El-Shifa Pharmaceutical Industries Co. v. United States

Opinion for the Court filed by Circuit Judge GRIFFITH.

Opinion concurring in the judgment in part and dissenting in part filed by Circuit Judge GINSBURG.

*581GRIFFITH, Circuit Judge:

In 1998, the President of the United States ordered a missile strike against a pharmaceutical plant in Sudan that he believed was connected to the terrorist activities of Osama bin Laden. The owners of the plant sued the United States, challenging several allegedly defamatory statements made by senior executive branch officials justifying the strike as well as the government’s failure to compensate them for the destruction of the plant. The district court dismissed plaintiffs’ complaint, and we affirm on the ground that it presents a nonjusticiable political question.

I.

Because we are asked to review the grant of a motion to dismiss, we treat the factual allegations in the complaint as true. Leatherman v. Tarrant County Narcotics Intelligence & Coordination Unit, 507 U.S. 163, 164, 113 S.Ct. 1160, 122 L.Ed.2d 517 (1993). In August 1998, the terrorist network led by Osama bin Laden bombed American embassies in Kenya and Tanzania. Days later, the United States responded with a missile strike against a pharmaceutical plant in North Khartoum, Sudan, owned by plaintiffs El-Shifa Pharmaceutical Industries Company (ElShifa) and Salah El Din Ahmed Mohammed Idris.

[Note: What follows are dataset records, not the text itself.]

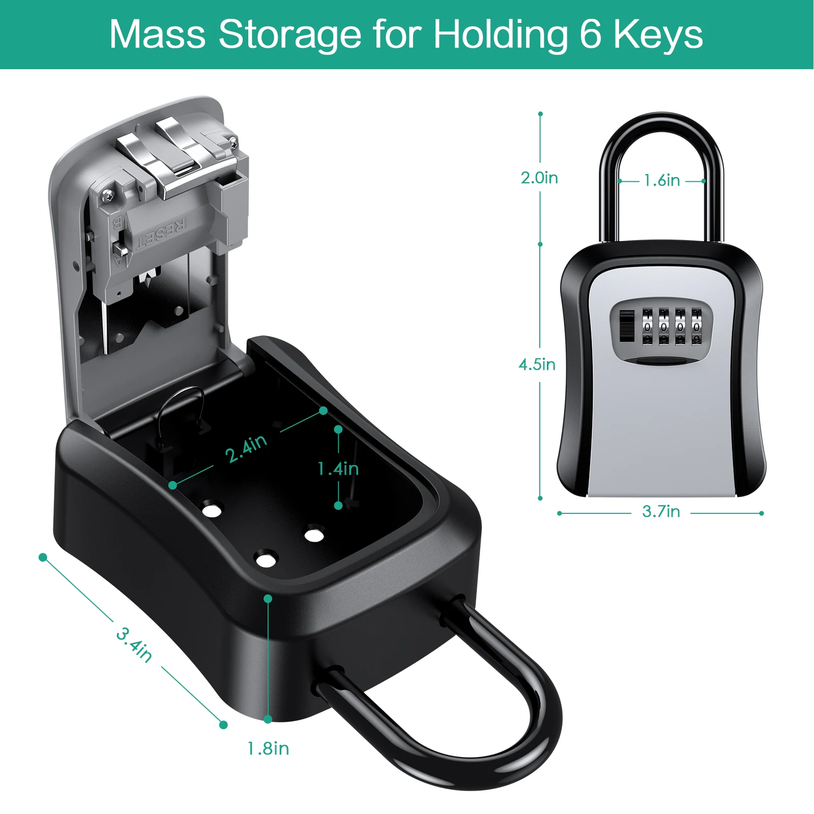 【Large storage capacity】: The key lock box inside size around: 85*62*30mm. The box has large space which you can place 5 keys at most. You can put your house keys or car keys in it when you go to work or on vacation
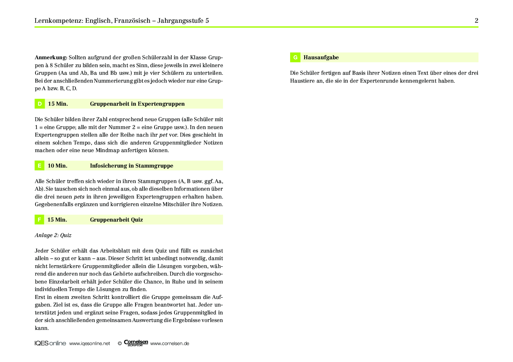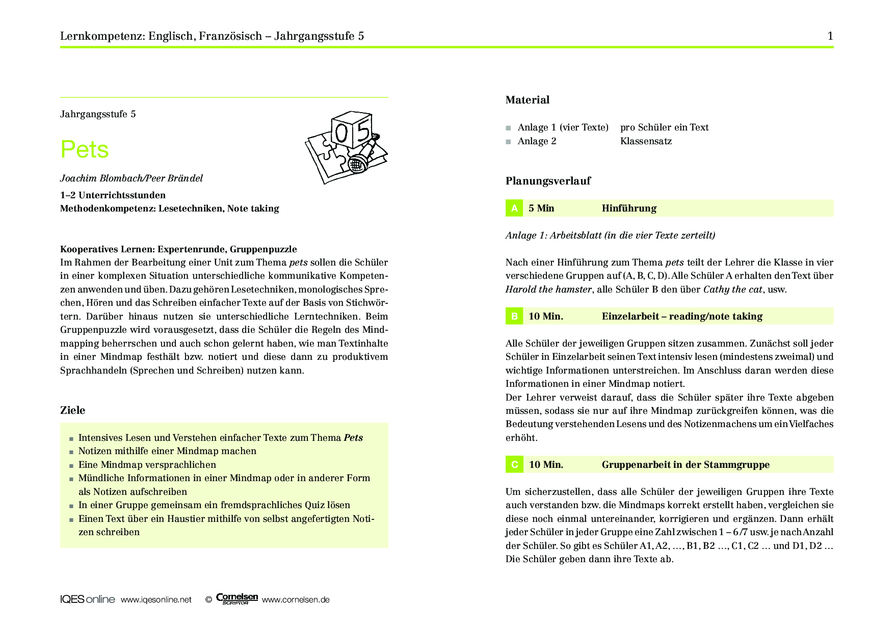 In den hier skizzierten Unterrichtsstunden sollen die Lernenden zum Thema pets in einer komplexen Situation unterschiedliche kommunikative Kompetenzen anwenden und üben. Darüber hinaus nutzen sie unterschiedliche Lerntechniken.
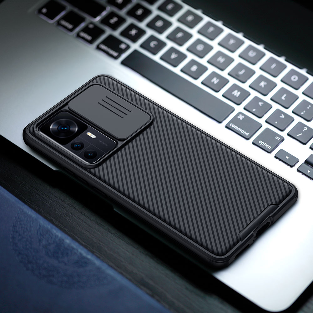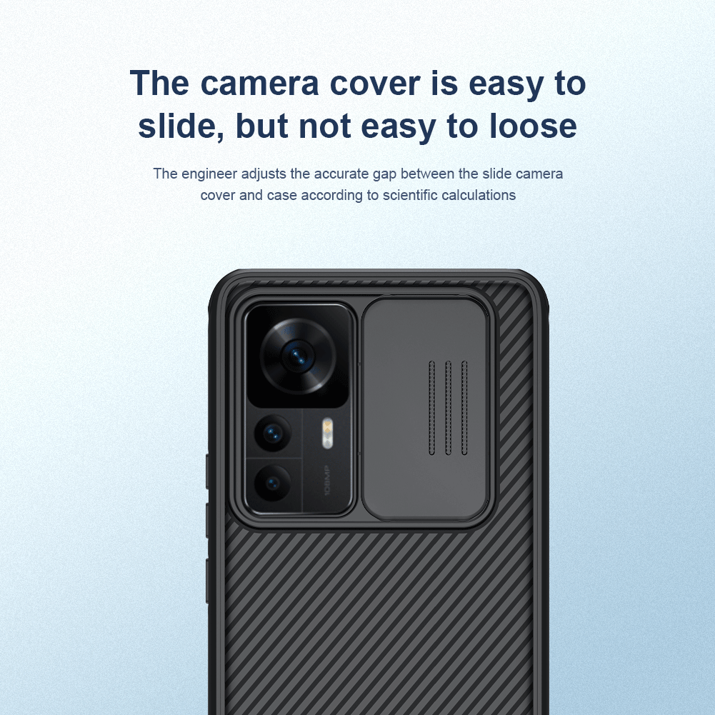 Противоударный чехол черного цвета с защитной шторкой задней камеры от Nillkin серии CamShield Pro Case для телефона Xiaomi 12T создан для любителей активного отдыха.
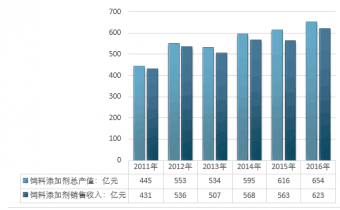 2011-2019年中國飼料添加劑行業產值情況
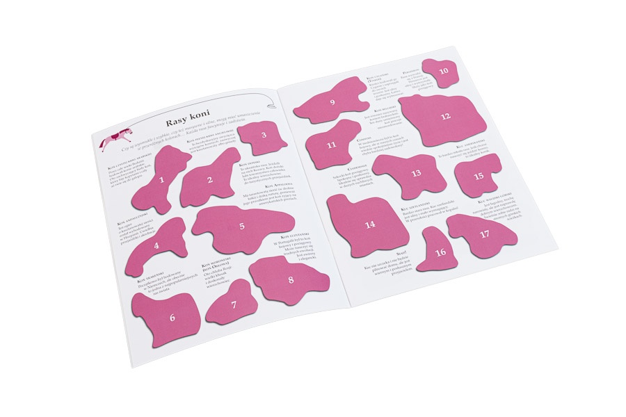 Szlachetny wygląd, rozwiana grzywa i długi ogon – to właśnie konie. Ta książeczka zapewnia świetną zabawę kolorowymi naklejkami, które dzieci wprost uwielbiają. Mali miłośnicy koni będą poznawać ich rasy, charakter i zwyczaje, a także ćwiczyć spostrzegawczość i pamięć. Po wklejeniu wszystkich naklejek w odpowiednich miejscach powstanie mała encyklopedia koni!

President Clinton justified the attack by publicly claiming that the El-Shifa plant was a “terrorists’ base of operation” and “associated with the bin Laden network.” Consistent with this claim, high-ranking executive branch officials also stated their belief that bin Laden financed the plant, which was owned by the Sudan Military Industrial Complex Corporation, made no commercial products, and, most ominously, was involved in the production of chemical weapons. To support this latter accusation, the officials pointed to a soil sample from the plant that included a chemical known as Oethylmethyl phosphonothioic acid, referred to as EMPTA, which is used in the manufacture of nerve gas.

Plaintiffs allege the Clinton Administration was wrong on all counts about its justifications for striking the plant. Neither bin Laden nor the Sudan Military Industrial Complex Corporation had ties to the plant, no chemical weapons agents such as EMPTA were ever present, and the plant produced only medicinal products, including over half the pharmaceuticals used in Sudan.

Once they learned that their initial justifications for the attack were false, Clinton Administration officials offered a new explanation that portrayed Idris, the actual owner of the plant, as a friend and supporter of terrorists. In particular, and as reported in several newspapers, anonymous executive branch officials claimed Idris was linked to bin Laden. The Washington Post, for example, reported “one official” as saying, “What we’re learning about [Idris] leads us to suspect that he’s involved in money laundering, that he’s involved in representing a lot of bin Laden’s interests in Sudan.” Vernon Loeb & Bradley Graham, Sudan Plant Was Probed Months Before Attack, Wash. Post, Sept. 1, 1998, at A14. According to plaintiffs, these statements were false.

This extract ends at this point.